Finally, we established that body composition parameters, such as fat distribution, give more detailed information than BMI. Specifically, visceral fat represents a potentially protective factor in patients undergoing NUE due to UTUC. There are many studies that have looked at body composition, fat distribution, and its impact on cancer survival. In addition to sarcopenia, fat distribution seems to be becoming more prominent in risk stratification. Our study was able to demonstrate that high visceral adipose tissue (VATI) is associated with better outcomes after NUE due to UTUC, although they were not statistically significant. For subcutaneous adipose tissue (SATI), we could not see any statistically significant effect. Our findings are in line with studies that have looked at fat distribution as a potential risk factor in other cancer entities. For example, Matsui et al. could show that the loss of preoperative skeletal muscle mass and a decrease in visceral adipose tissue have an effect on the long-term outcomes of advanced gastric cancer patients. It has been described here that high visceral fat is associated with improved postoperative outcomes of patients with upper gastrointestinal cancer [19]. In addition, for unresectable advanced pancreatic cancer, a decline in visceral adipose tissue was linked with shorter survival [20]. In line with these findings, it has been shown that substances secreted by the adipose tissue have an impact on the biology of bladder cancer [21]. Martini et al. also identified a high visceral fat content as a protective factor in advanced urothelial carcinoma patients treated with immune checkpoint inhibitors [22]. On the other hand, Pan et al. did not find that fat parameters had any effect on the prognosis of UTUC patients. Here, a larger patient population was studied and different markers of the body composition (mean muscle attenuation, total abdominal muscle area, intermuscular fat tissue, total psoas muscle area, visceral and subcutaneous fat density, perirenal fat thickness) were assessed, but no systematic comorbidity index was assessed [23].
Our study has some limitations. Due to the retrospective study design, functional parameters, such as the grip strength test, bioelectrical impedance, nutritional status, and dietary habits could not be collected.
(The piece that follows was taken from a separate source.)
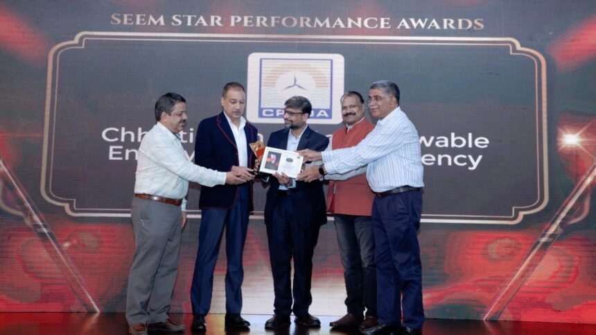 रायपुर। छत्तीसगढ़ राज्य अक्षय ऊर्जा विकास अभिकरण (क्रेडा) को नई दिल्ली में आयोजित समारोह में ऊर्जा संरक्षण के क्षेत्र में राष्ट्रीय स्तर पर सर्वश्रेष्ठ प्रदर्शन के लिए स्टार परफॉर्मेंस अवार्ड से पुरस्कृत किया गया। सोसाईटी ऑफ एनर्जी इजीनियर्स एण्ड मैनेजर्स – सीम द्वारा 21 सितम्बर को आयोजित 8वें नेशनल एनर्जी मैनेजमेंट अवार्ड समारोह में यह सम्मान दिया गया। आलोक कटियार, मुख्य कार्यपालन अधिकारी, छत्तीसगढ़ राज्य अक्षय ऊर्जा विकास अभिकरण (क्रेडा) द्वारा उक्त पुरस्कार को डॉ. अशोक कुमार, उप महानिदेशक, ऊर्जा दक्षता ब्यूरों, (बी.ई.ई.) भारत सरकार के उपस्थिति में प्राप्त किया गया। इस समारोह में क्रेडा की ओर से संजीव जैन, मुख्य अभियंता एवं राजीव ज्ञानी, अधीक्षण अभियंता भी उपस्थित रहें। मुख्यमंत्री भूपेश बघेल ने इस पुरस्कार के लिए क्रेडा की टीम और प्रदेशवासियों को बधाई दी है।

Also, other factors such as smoking, neutrophil to lymphocyte ratio (NLR), or previous intravesical instillation therapies could not be assessed because no complete data were available in this regard. Furthermore, UTUC is a rare cancer, and many patients suffer from bladder cancer in addition to or during the course of the disease. This leads to a difficult definition of the patient cohort. We decided to exclude patients who underwent radical cystectomy before NUE. There is great heterogeneity in the literature with regard to the recording of body composition. Numerous factors, markers, indices, and measurement methods exist, which makes it difficult to compare the data. Prospective multicenter studies should be performed to develop clear standards and tools. This can contribute significantly to risk stratification in the future. In addition, exercise- and nutritional programs could find their way into clinical practice, and it needs to be clarified whether patients with an unfavorable body composition could profit from a kidney-sparing approach.

5. Conclusions

In summary, it can be noted that specific factors of body composition, such as sarcopenia and fat distribution, can be used for better risk stratification in patients who are undergoing NUE with bladder cuff excision due to UTUC. In our opinion, efforts should be made to include innovative body composition tools (for example bioelectrical impedance) in the risk stratification of these patients [24]. Subsequently, it must be examined whether certain patients at risk can benefit from appropriate countermeasures such as nutritional programs and physical activity [25].

Author Contributions

Conceptualization, R.M. and C.P.; methodology, R.M., C.P. and S.E.; software, R.M. and S.E.; validation, R.M., M.B., B.W.G.v.R., J.B., B.R. and M.G.; formal analysis, R.M., M.H., M.G. and B.W.G.v.R.; investigation, C.P., R.M. and S.E.; resources R.M. and M.B.; data curation, C.P., S.E., M.H., V.H., J.B., S.H., F.G. and S.K.; writing—original draft preparation, C.P. and R.M.; writing—review and editing, R.M., M.B., S.E., M.G., M.H., J.B., B.W.G.v.R., B.R., V.H., S.H., S.K. and F.G.; visualization, R.M. and C.P.; supervision, R.M., M.B., M.G. and B.W.G.v.R.; project administration, R.M., C.P. and M.B. All authors have read and agreed to the published version of the manuscript.

Funding

This research received no external funding.

Institutional Review Board Statement

The study was conducted in accordance with the Declaration of Helsinki, and approved by the Ethics Committee of University of Regensburg (protocol code 18-965-101 and date of approval 25.04.2018).

Informed Consent Statement

Informed consent was waived because the study was retrospective and observational.

Data Availability Statement

The data can be shared up on request.

Conflicts of Interest

The authors declare that they have no conflict of interest.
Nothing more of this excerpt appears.